__Directions__
The entries below contain pictures. Retype everything except those pictures, exactly as given.

BEGIN Provided data

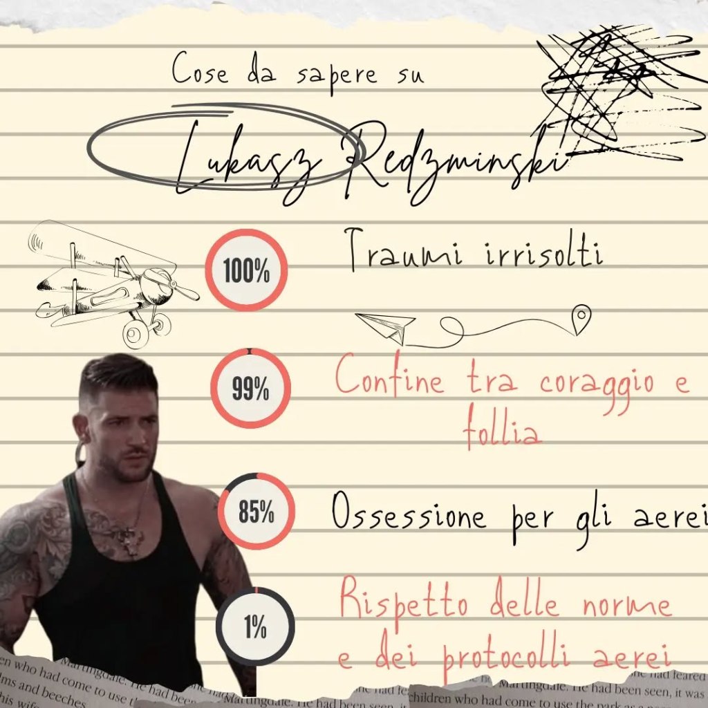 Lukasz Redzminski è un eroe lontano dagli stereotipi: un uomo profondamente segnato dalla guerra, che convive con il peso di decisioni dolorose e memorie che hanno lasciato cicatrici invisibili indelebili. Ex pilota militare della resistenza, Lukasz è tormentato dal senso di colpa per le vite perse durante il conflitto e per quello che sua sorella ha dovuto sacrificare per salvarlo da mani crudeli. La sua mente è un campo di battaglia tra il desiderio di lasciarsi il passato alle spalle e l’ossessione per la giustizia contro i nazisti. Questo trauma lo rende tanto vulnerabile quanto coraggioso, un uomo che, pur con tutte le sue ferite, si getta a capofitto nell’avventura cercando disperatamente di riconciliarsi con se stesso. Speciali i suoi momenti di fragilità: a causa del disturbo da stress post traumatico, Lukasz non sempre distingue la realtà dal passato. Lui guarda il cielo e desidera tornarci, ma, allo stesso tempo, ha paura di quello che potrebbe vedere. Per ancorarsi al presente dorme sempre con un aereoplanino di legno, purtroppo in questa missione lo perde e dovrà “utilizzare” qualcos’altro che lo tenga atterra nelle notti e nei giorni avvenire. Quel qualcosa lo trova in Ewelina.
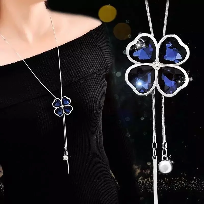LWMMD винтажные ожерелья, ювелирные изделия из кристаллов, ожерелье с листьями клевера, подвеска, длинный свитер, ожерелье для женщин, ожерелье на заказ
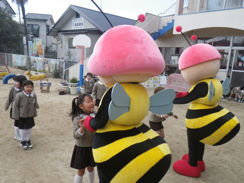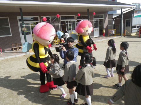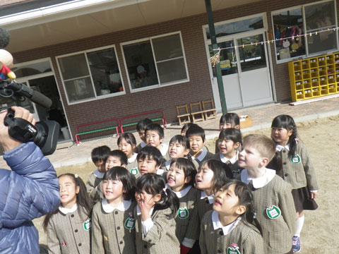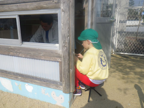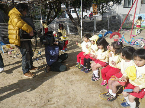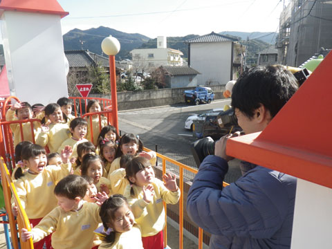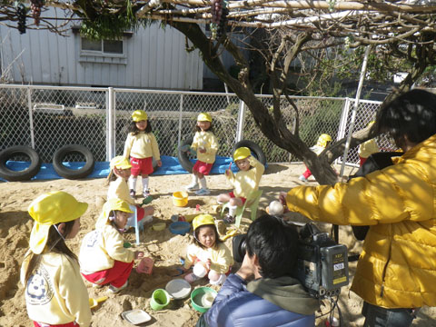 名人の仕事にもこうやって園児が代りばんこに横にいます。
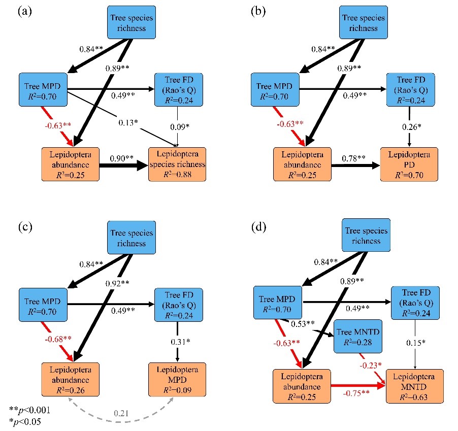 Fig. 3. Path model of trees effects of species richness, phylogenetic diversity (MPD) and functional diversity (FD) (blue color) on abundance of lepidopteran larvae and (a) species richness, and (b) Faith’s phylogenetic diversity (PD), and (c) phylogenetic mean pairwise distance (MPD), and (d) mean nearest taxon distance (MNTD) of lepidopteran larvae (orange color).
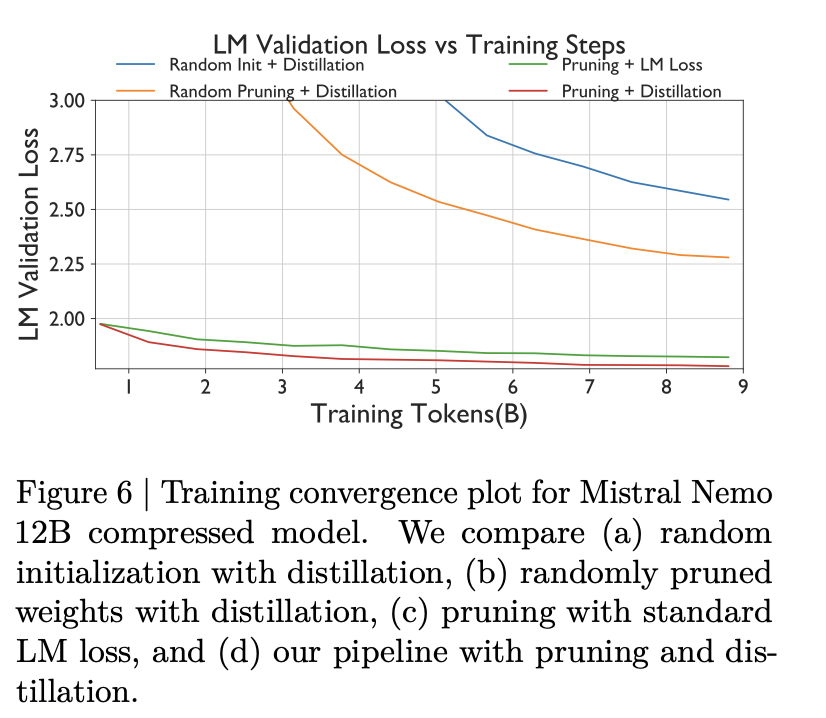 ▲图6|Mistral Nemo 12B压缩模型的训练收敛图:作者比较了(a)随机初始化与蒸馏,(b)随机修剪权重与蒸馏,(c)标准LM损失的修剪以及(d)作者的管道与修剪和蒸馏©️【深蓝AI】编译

END Provided data

__Task result__
 Lukasz Redzminski è un eroe lontano dagli stereotipi: un uomo profondamente segnato dalla guerra, che convive con il peso di decisioni dolorose e memorie che hanno lasciato cicatrici invisibili indelebili. Ex pilota militare della resistenza, Lukasz è tormentato dal senso di colpa per le vite perse durante il conflitto e per quello che sua sorella ha dovuto sacrificare per salvarlo da mani crudeli. La sua mente è un campo di battaglia tra il desiderio di lasciarsi il passato alle spalle e l’ossessione per la giustizia contro i nazisti. Questo trauma lo rende tanto vulnerabile quanto coraggioso, un uomo che, pur con tutte le sue ferite, si getta a capofitto nell’avventura cercando disperatamente di riconciliarsi con se stesso. Speciali i suoi momenti di fragilità: a causa del disturbo da stress post traumatico, Lukasz non sempre distingue la realtà dal passato. Lui guarda il cielo e desidera tornarci, ma, allo stesso tempo, ha paura di quello che potrebbe vedere. Per ancorarsi al presente dorme sempre con un aereoplanino di legno, purtroppo in questa missione lo perde e dovrà “utilizzare” qualcos’altro che lo tenga atterra nelle notti e nei giorni avvenire. Quel qualcosa lo trova in Ewelina.
LWMMD винтажные ожерелья, ювелирные изделия из кристаллов, ожерелье с листьями клевера, подвеска, длинный свитер, ожерелье для женщин, ожерелье на заказ
 名人の仕事にもこうやって園児が代りばんこに横にいます。
 Fig. 3. Path model of trees effects of species richness, phylogenetic diversity (MPD) and functional diversity (FD) (blue color) on abundance of lepidopteran larvae and (a) species richness, and (b) Faith’s phylogenetic diversity (PD), and (c) phylogenetic mean pairwise distance (MPD), and (d) mean nearest taxon distance (MNTD) of lepidopteran larvae (orange color).
 ▲图6|Mistral Nemo 12B压缩模型的训练收敛图:作者比较了(a)随机初始化与蒸馏,(b)随机修剪权重与蒸馏,(c)标准LM损失的修剪以及(d)作者的管道与修剪和蒸馏©️【深蓝AI】编译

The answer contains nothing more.